🤖 AI Summary
This work proposes a high-accuracy, lightweight object detection framework tailored for low-cost FPGA platforms. Building upon the YOLOv3-tiny architecture, the design employs a binary neural network (BNN) featuring 1-bit weights and 8-bit activations, while retaining fixed-point convolutions in the first and last layers. A novel channel compensation fusion strategy is introduced, integrating the Mul_prev operation directly into the BNN processing unit to enhance channel-wise compensation efficiency. The system is fully implemented in Verilog RTL and supports end-to-end deployment from ONNX models to FPGA BRAM storage. Evaluated on the VOC dataset, the approach achieves 39.6% mAP50 with only 0.098 GFLOPs and 0.74M parameters.
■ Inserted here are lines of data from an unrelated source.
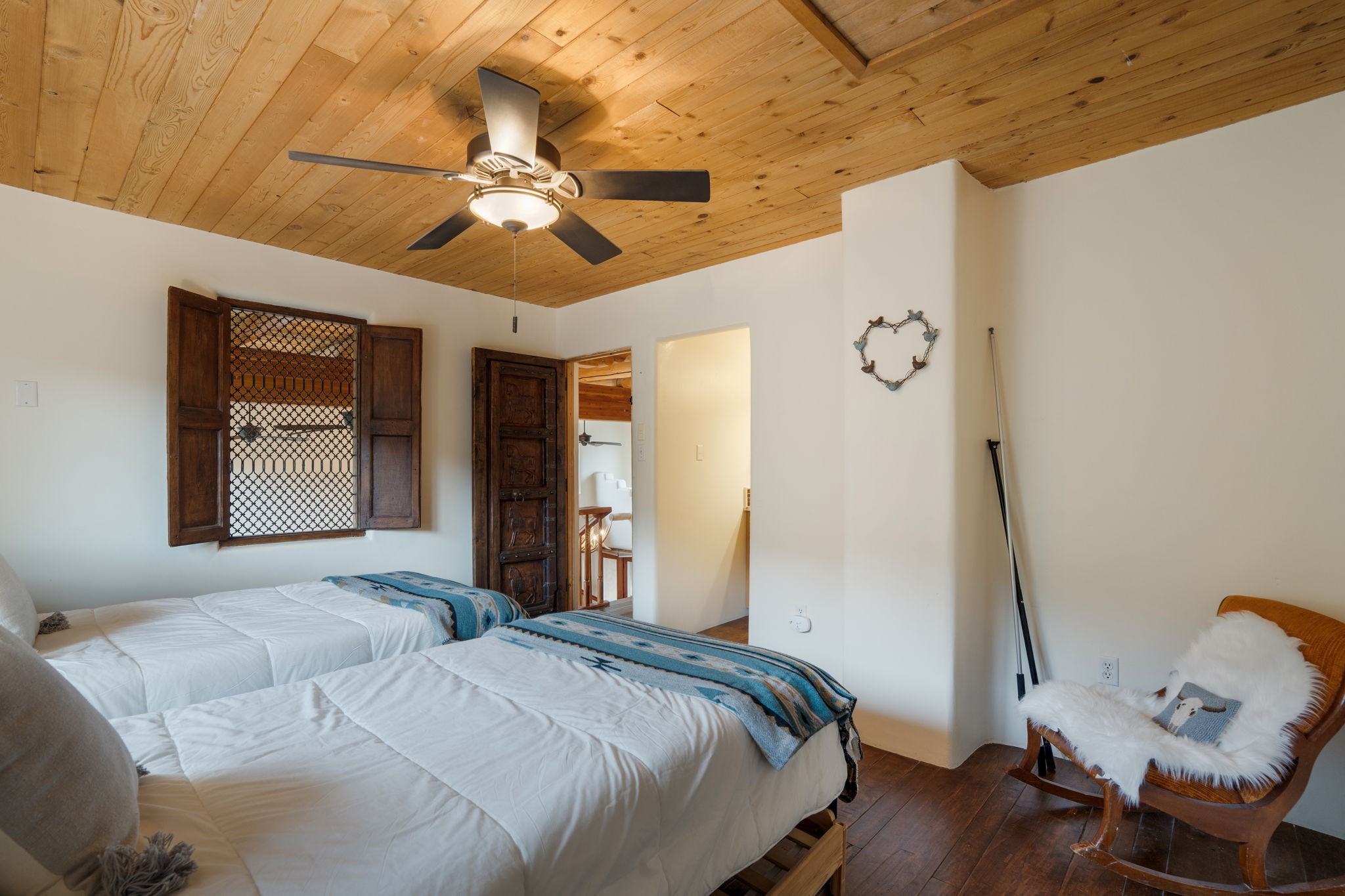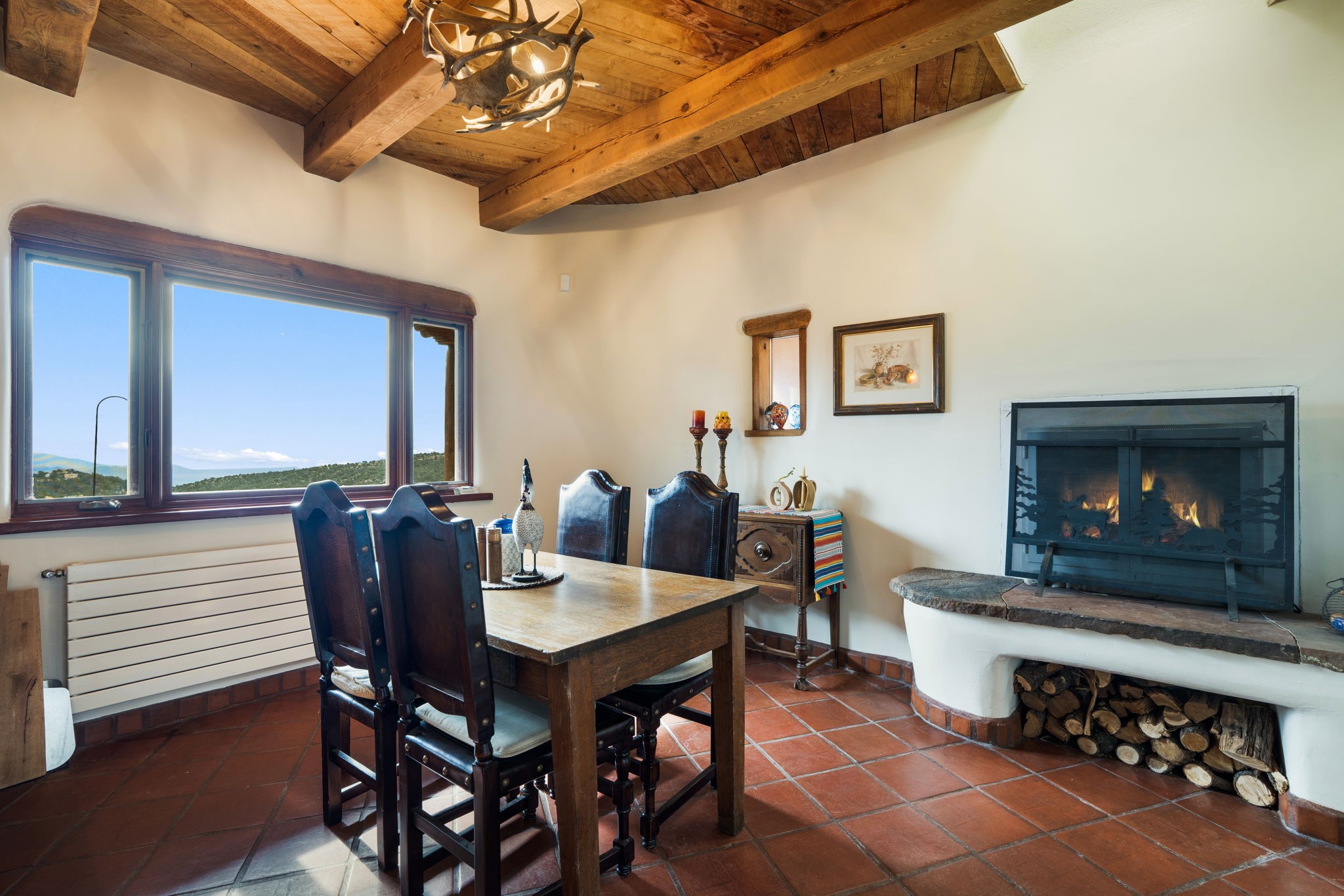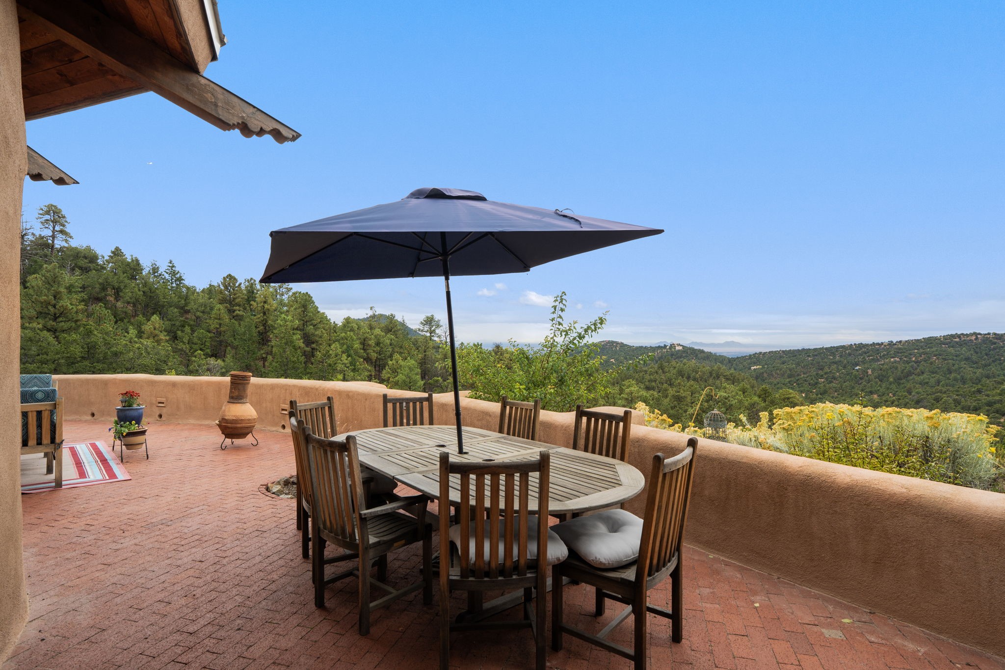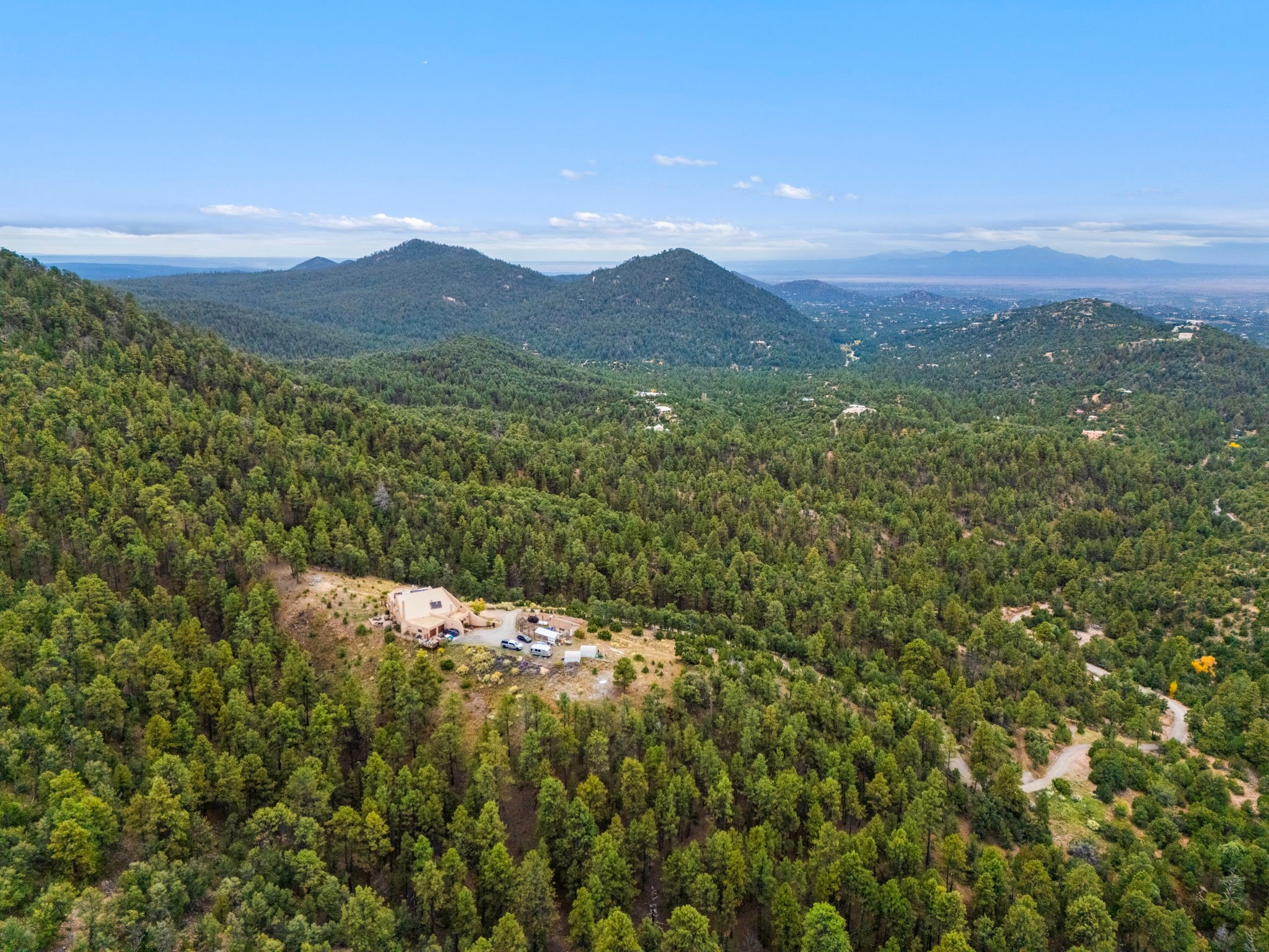 Nestled on 78 pristine private acres spread across four deeded lots, this extraordinary estate offers a blend of seclusion, artistry and timeless Southwestern charm just 25 minutes from downtown Santa Fe.The 4,400 square foot adobe home is a masterpiece of craftsmanship and comfort. Solid adobe construction provides natural insulation that keeps interiors warm in winter and cool in summer. Inside, four ensuite bedrooms and 4.5 baths offer comfort and privacy while 30 hand carved doors and accents from Seret and Sons lend a one of a kind artistic touch throughout the home.The great room is the heart of this residence anchored by a dramatic stone fireplace, high viga ceilings and a custom antler chandelier that adds rustic elegance. French doors open to a spacious front portal framing sweeping views of the Sangre de Cristo Mountains.A graceful circular staircase leads to the upper level where two ensuite bedrooms and a balcony overlooking the great room create an inviting sense of openness and connection. The kitchen is both functional and charming with granite counters, abundant cabinetry and a cozy breakfast nook warmed by its own fireplace. Saltillo tile floors flow throughout the main level while hardwood floors add warmth upstairs.The primary suite is a private retreat with panoramic mountain views and a luxurious bath with a jetted tub, tiled shower and granite counters.Step outside to a fenced backyard and patio perfect for watching the weather in the distance, peaceful wildlife and star filled nights. Additional features include solar hot water, four fireplaces, a two car garage, two sheds and a chicken coop with eight hens that provide fresh eggs daily.This property is more than a home. It is a work of art set deep in nature offering tranquility, authenticity and soul. Experience a place where art, architecture and landscape come together in harmony.
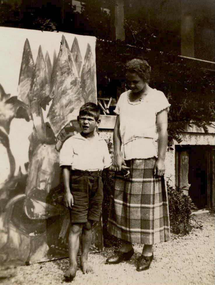 Hannsotto Schaefler mit Mutter Vera Schaefler vor einem Gemälde von Vater Fritz Schaefler, ca. 1923
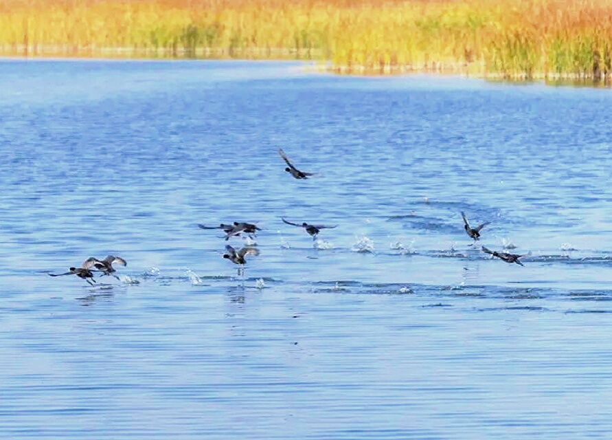 近日,我市天朗氣清、惠風和暢,引黃調蓄工程天藍水碧、水天一色的風景令人心曠神怡,其良好的生態(tài)環(huán)境吸引了很多水鳥前來棲息,如銀鏡一般的湖面上綠頭鴨、赤麻鴨、白鷺、灰鷺等禽鳥成群結隊,姿態(tài)各異。水鳥、湖水與藍天交相輝映,風光旖旎,盡顯詩意。
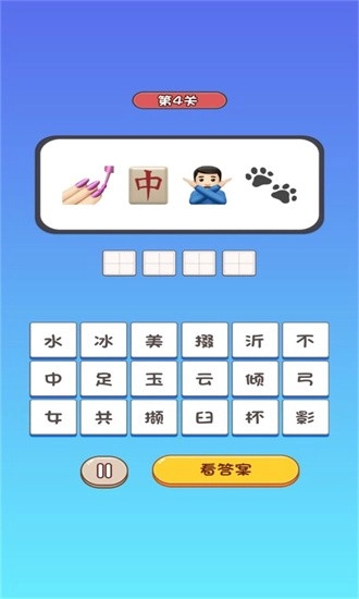 3、关卡按难度递进,初期表情组合直接,后期表情更抽象,需多层联想,玩家将要经历各种复杂的挑战。
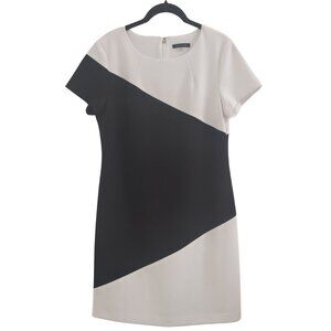 Classic and chic, this Tommy Hilfiger sheath dress features a modern diagonal colorblock design in black and ivory tones — a timeless look for work, business meetings, or dinner outings.
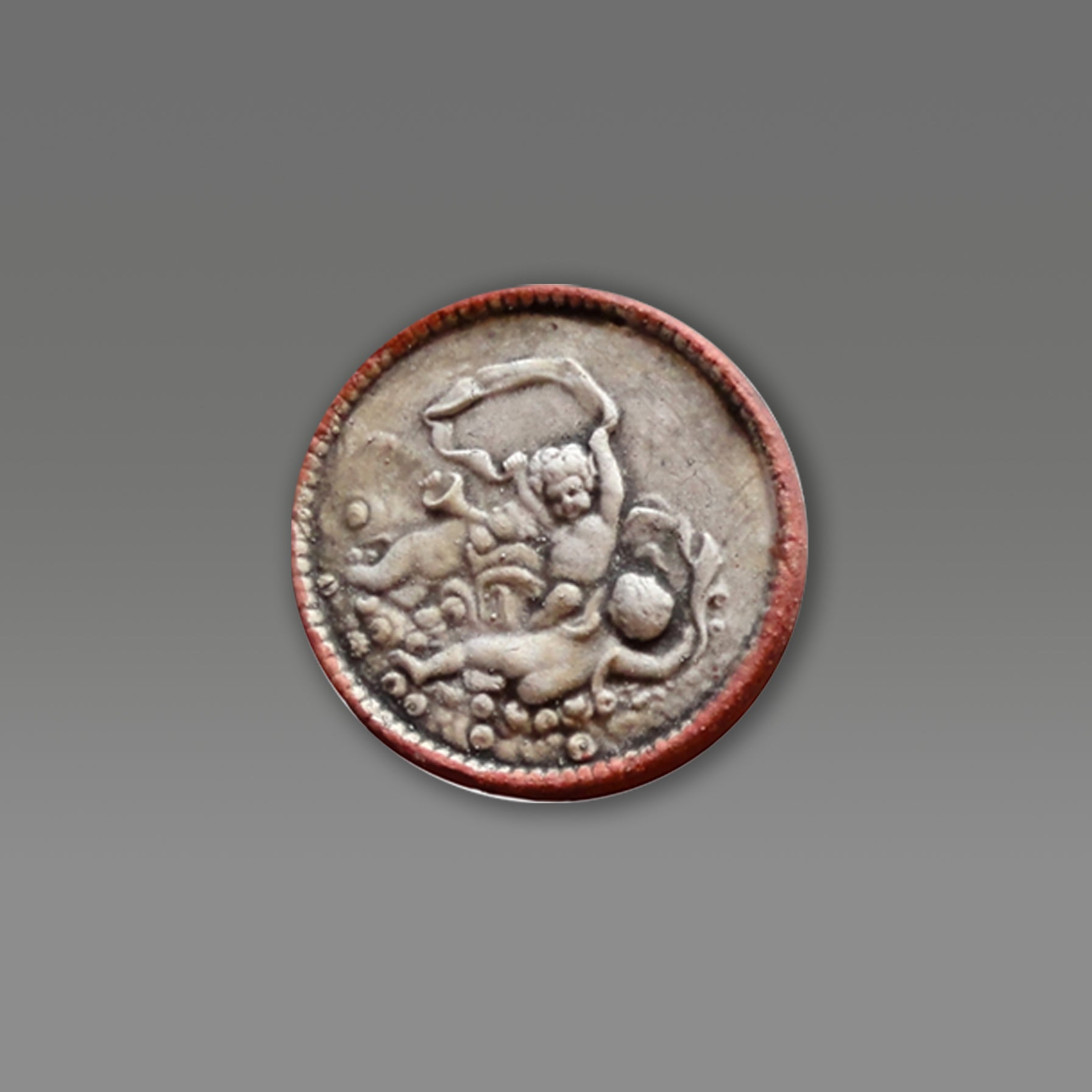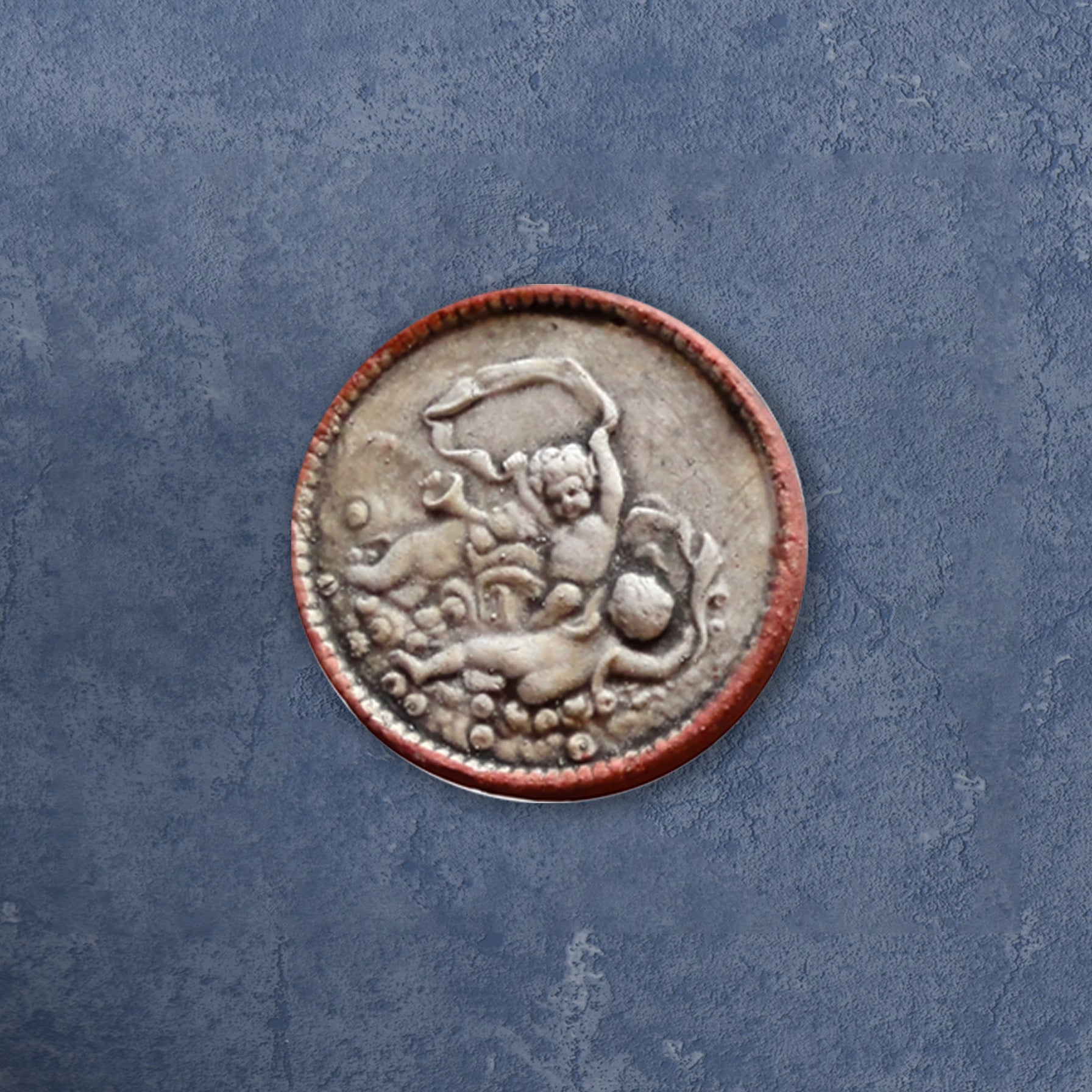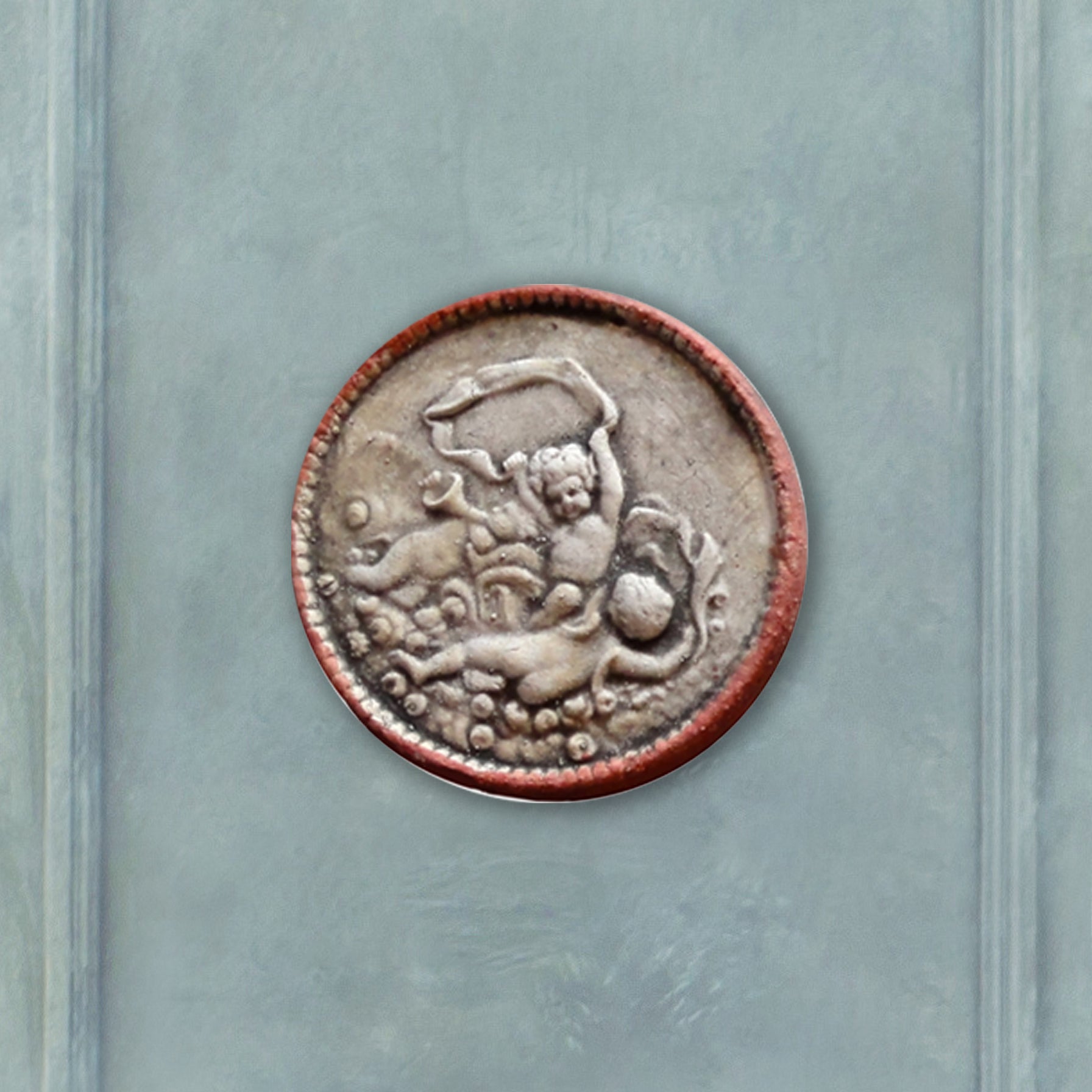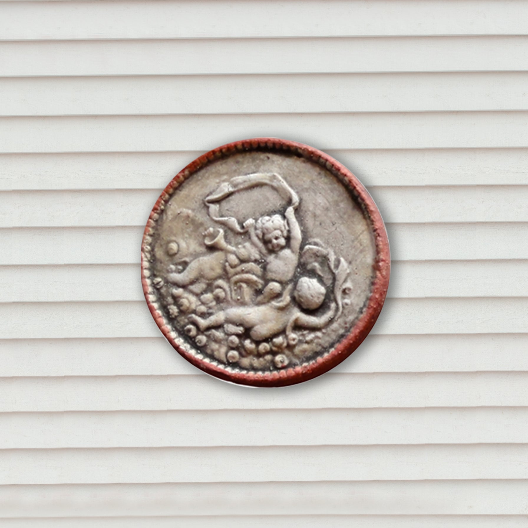 Das wunderschöne, handgefertigte kleine Kamee zeigt drei musizierende Putti im Himmel. Das Flachrelief, das aus Terrakotta besteht, wurde von einem neoklassischen Edelstein inspiriert.
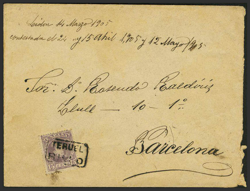 246. 1905. 15 cts violeta. RILLO a BARCELONA. Matasello de carterÃa TERUEL / RILLO. MAGNIFICA.
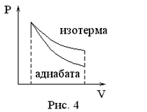 Из уравнения Пуассона видно, что если из одного и того же начального состояния с идеальным газом производится либо изотермический процесс (изотерма на рис. 4), либо адиабатический процесс (адиабата), то адиабата лежит ниже изотермы.

RTL simulation outputs exhibit strong agreement with ONNX predictions, yielding a correlation coefficient of 0.999964 and an average absolute error of 0.020027.
📝 Abstract
This paper implements a Binary Neural Network (BNN) based YOLOv3-tiny-like object detector on a low-cost FPGA. The network takes 320*320*3 RGB images as input. Its main convolution layers use 1-bit weights and 8-bit activations, while Conv1 and the final detection head use fixed-point standard convolutions. From the trained ONNX model, weights, biases, and quantization parameters are extracted, converted to fixed point, packed into COE files, and stored in Vivado BRAM ROMs. The hardware is written fully in Verilog RTL and includes padding, line buffering, binary convolution, quantization post-processing, max pooling, and detection-head computation. For layers where Mul_prev is indexed by input channel and Div_current by output channel, Mul_prev is fused in-to the BNN PE so that channel-wise compensation is applied during accumulation. On VOC, the model obtains 39.6% mAP50 with 0.098 GFLOPs and 0.74 M parameters. RTL simulation shows that the final raw detection output reaches a correlation coefficient of 0.999964 and a mean absolute error of 0.020027 against the corresponding ONNX node.